_Exercise requirements_.
Please restate the entries below word for word, leaving out any pictures.

_Extracted records_.

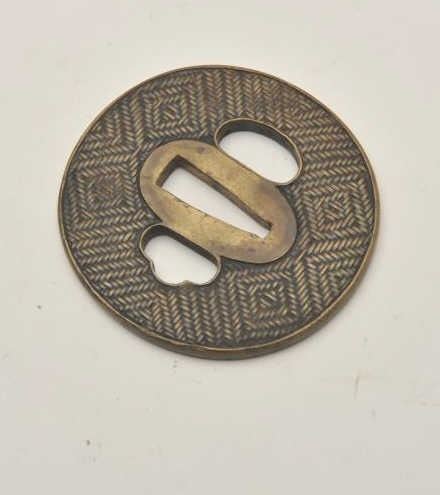 EVE-420 BASKET WEAVE DESIGN TSUBABasket weave design cast brass tsuba for wakasashi (Japan). Hand chasing. 19th century or earlier. The estate of Eric Vaule. Est.: $100-$200Basket weave design cast brass tsuba for wakasashi (Japan). Hand chasing. 19th century or earlier. The estate of Eric Vaule. Est.: $100-$200
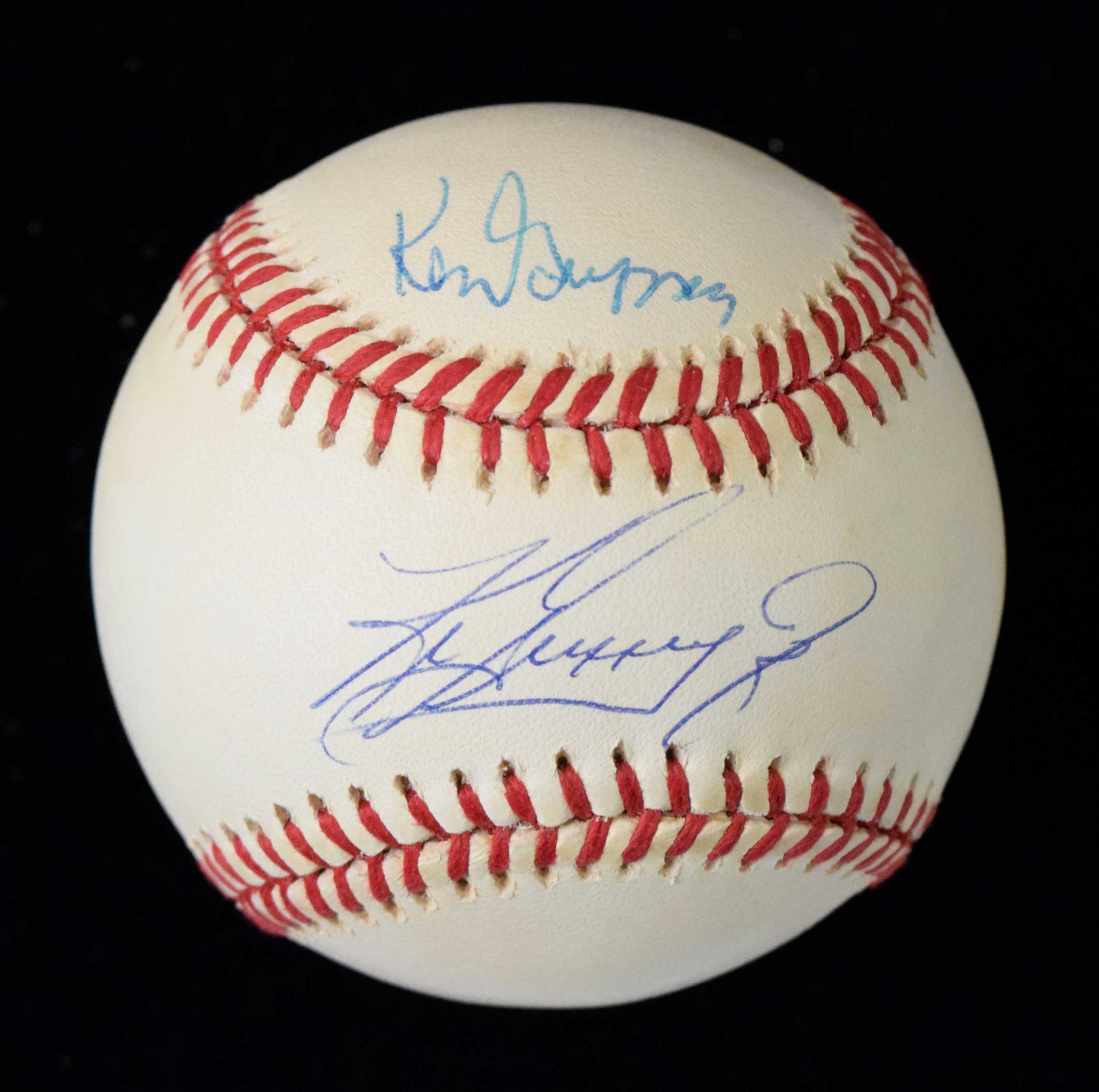 Description:Ken Griffey Jr. and Ken Griffey Sr. dual-signed baseball (EX/MT). B.Brown AL ball signed by the father and son in blue ink. Signatures rate 8 to 9 out of 10. Light toning: EX/MT
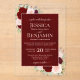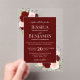 Invite your loved ones to share in your joy on your wedding day with these gorgeous acrylic invitations. The stylish boho chic floral design features your names prominently displayed in bold letters while the introduction and other notes feature fancy script calligraphy with swashes on the ends of the letters. The text is displayed on a deep marbled burgundy background, while the outside border of the invite is transparent acrylic with hand painted burgundy, red, and blush pink watercolor roses and garden greenery decorating the corners. Elegant, classy, sophisticated and beautiful, these wedding invitations are sure to leave a lasting impression.
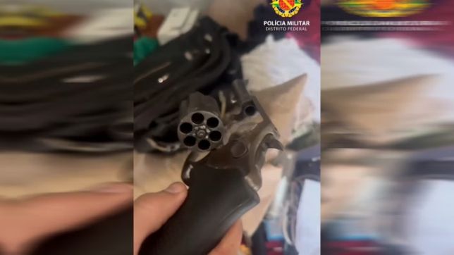 O vídeo mostra o momento em que os PMs encontraram o revólver debaixo de peças de roupas e as munições dentro de uma mochila.
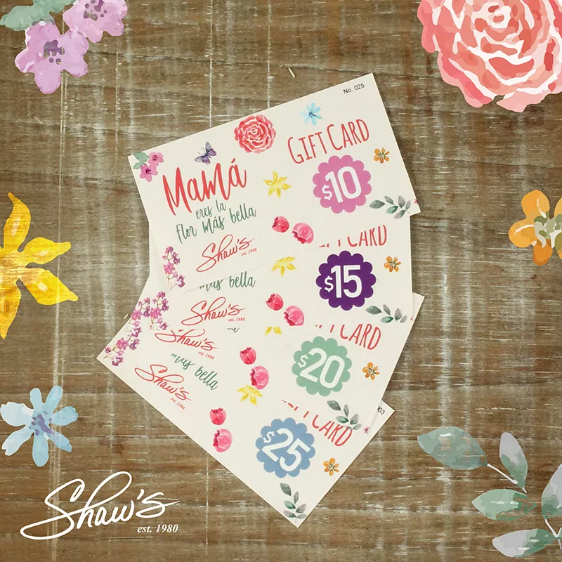 Si no sabes qué darle a Mamá o a esa Mami tan especial para ti (amiga, tía, prima, etc.), en Shaw’s siempre te ofrecemos la opción de Gift Cards, el monto se ajusta a tu presupuesto. 🛍️💐
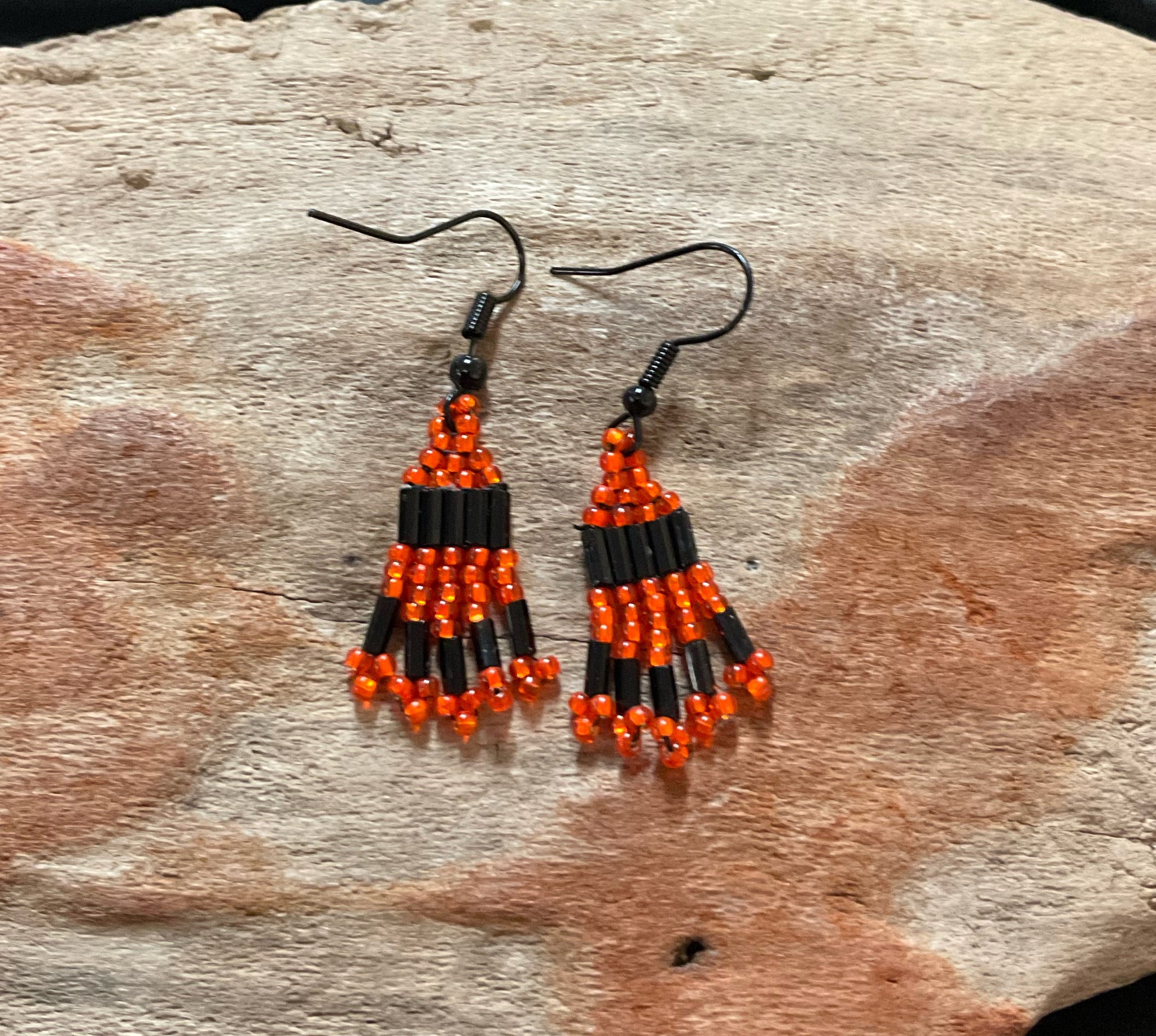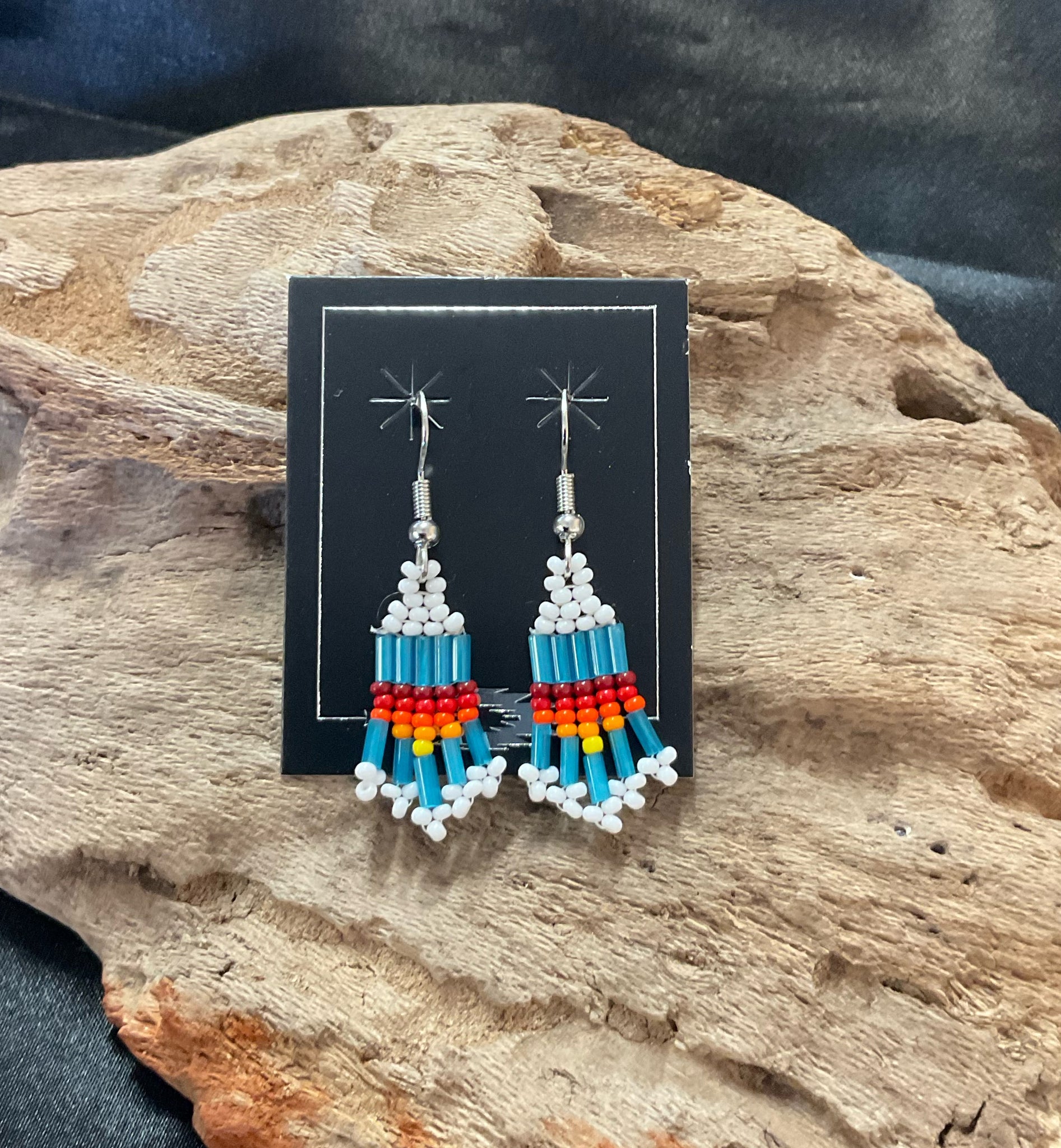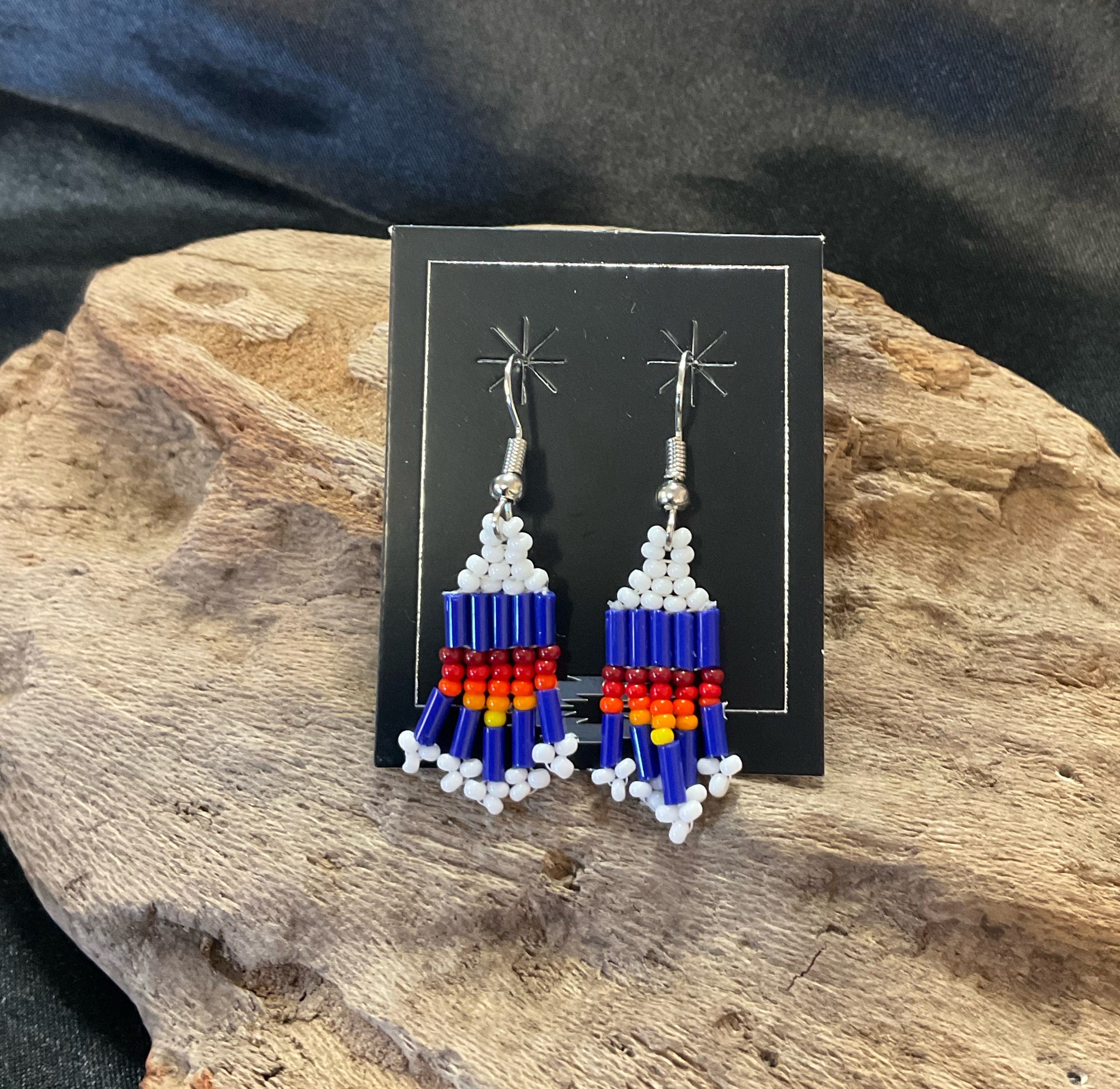 Add some fiery fun to your look with these small hand beaded dangle earrings! Made by Native American artisan Donna Budds, these earrings feature a beautiful array of fire colors that will catch everyone's eye. Perfect for adding a pop of color and quirky style to any outfit.
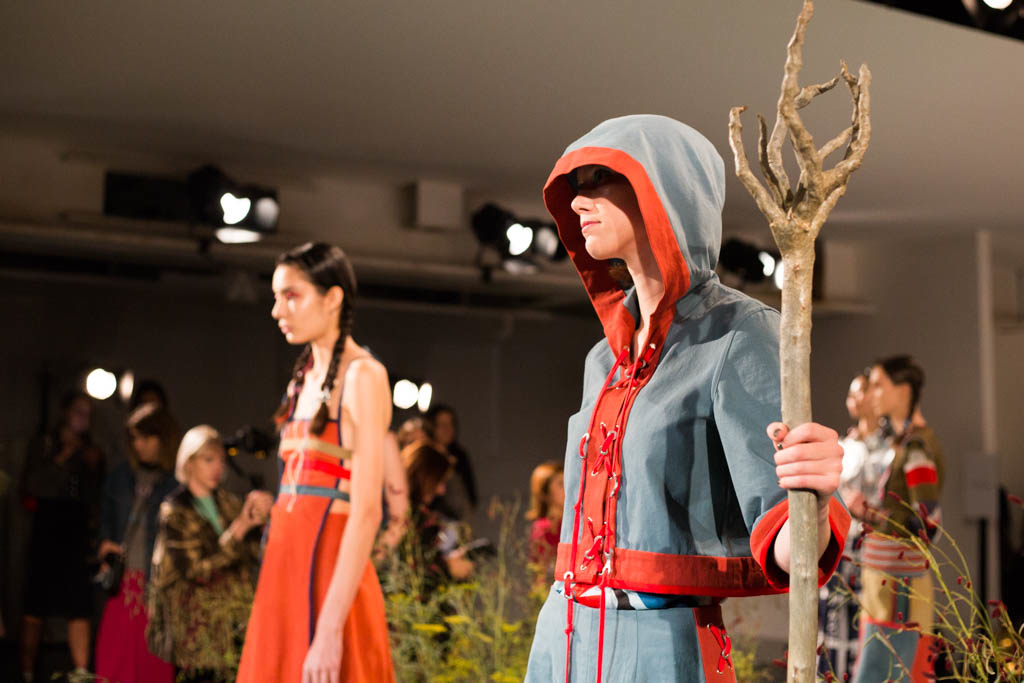 The stand out piece that really draws on Sadie Williams’s inspiration of the Kindred of the Kibbo Kift is a hooded blue top and wide leg pant combination, featuring red eyelet lacing along the legs and chest; all of which is accompanied by a large wooden staff which is meant to reiterate the free-spirited and outdoorsy nature of Sadie’s collection.
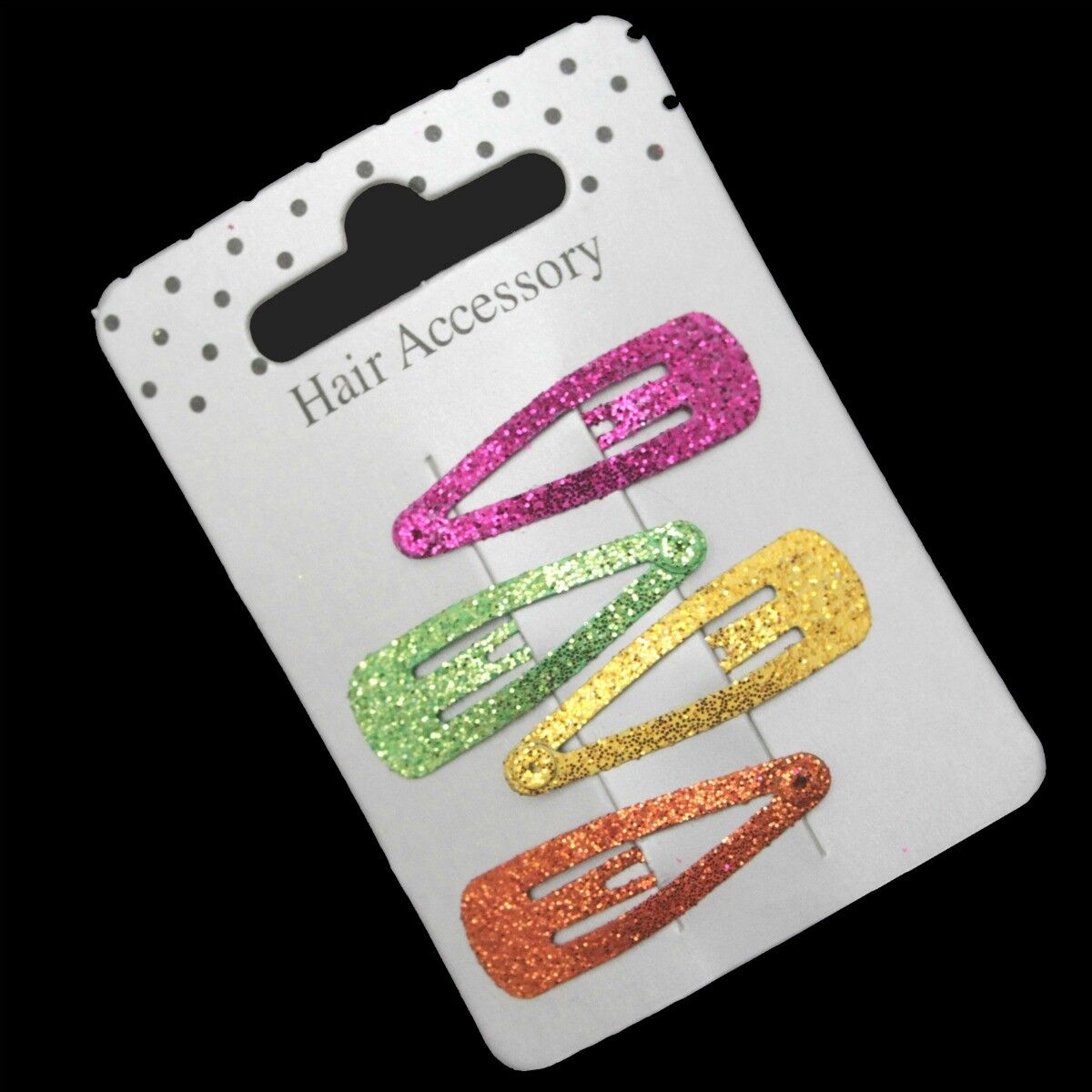 4 petites pinces à cheveux clic clac - paillettes 3cm rose vert jaune & orange

_Your solution_.
 EVE-420 BASKET WEAVE DESIGN TSUBABasket weave design cast brass tsuba for wakasashi (Japan). Hand chasing. 19th century or earlier. The estate of Eric Vaule. Est.: $100-$200Basket weave design cast brass tsuba for wakasashi (Japan). Hand chasing. 19th century or earlier. The estate of Eric Vaule. Est.: $100-$200
 Description:Ken Griffey Jr. and Ken Griffey Sr. dual-signed baseball (EX/MT). B.Brown AL ball signed by the father and son in blue ink. Signatures rate 8 to 9 out of 10. Light toning: EX/MT
 Invite your loved ones to share in your joy on your wedding day with these gorgeous acrylic invitations. The stylish boho chic floral design features your names prominently displayed in bold letters while the introduction and other notes feature fancy script calligraphy with swashes on the ends of the letters. The text is displayed on a deep marbled burgundy background, while the outside border of the invite is transparent acrylic with hand painted burgundy, red, and blush pink watercolor roses and garden greenery decorating the corners. Elegant, classy, sophisticated and beautiful, these wedding invitations are sure to leave a lasting impression.
 O vídeo mostra o momento em que os PMs encontraram o revólver debaixo de peças de roupas e as munições dentro de uma mochila.
 Si no sabes qué darle a Mamá o a esa Mami tan especial para ti (amiga, tía, prima, etc.), en Shaw’s siempre te ofrecemos la opción de Gift Cards, el monto se ajusta a tu presupuesto. 🛍️💐
 Add some fiery fun to your look with these small hand beaded dangle earrings! Made by Native American artisan Donna Budds, these earrings feature a beautiful array of fire colors that will catch everyone's eye. Perfect for adding a pop of color and quirky style to any outfit.
 The stand out piece that really draws on Sadie Williams’s inspiration of the Kindred of the Kibbo Kift is a hooded blue top and wide leg pant combination, featuring red eyelet lacing along the legs and chest; all of which is accompanied by a large wooden staff which is meant to reiterate the free-spirited and outdoorsy nature of Sadie’s collection.
 4 petites pinces à cheveux clic clac - paillettes 3cm rose vert jaune & orange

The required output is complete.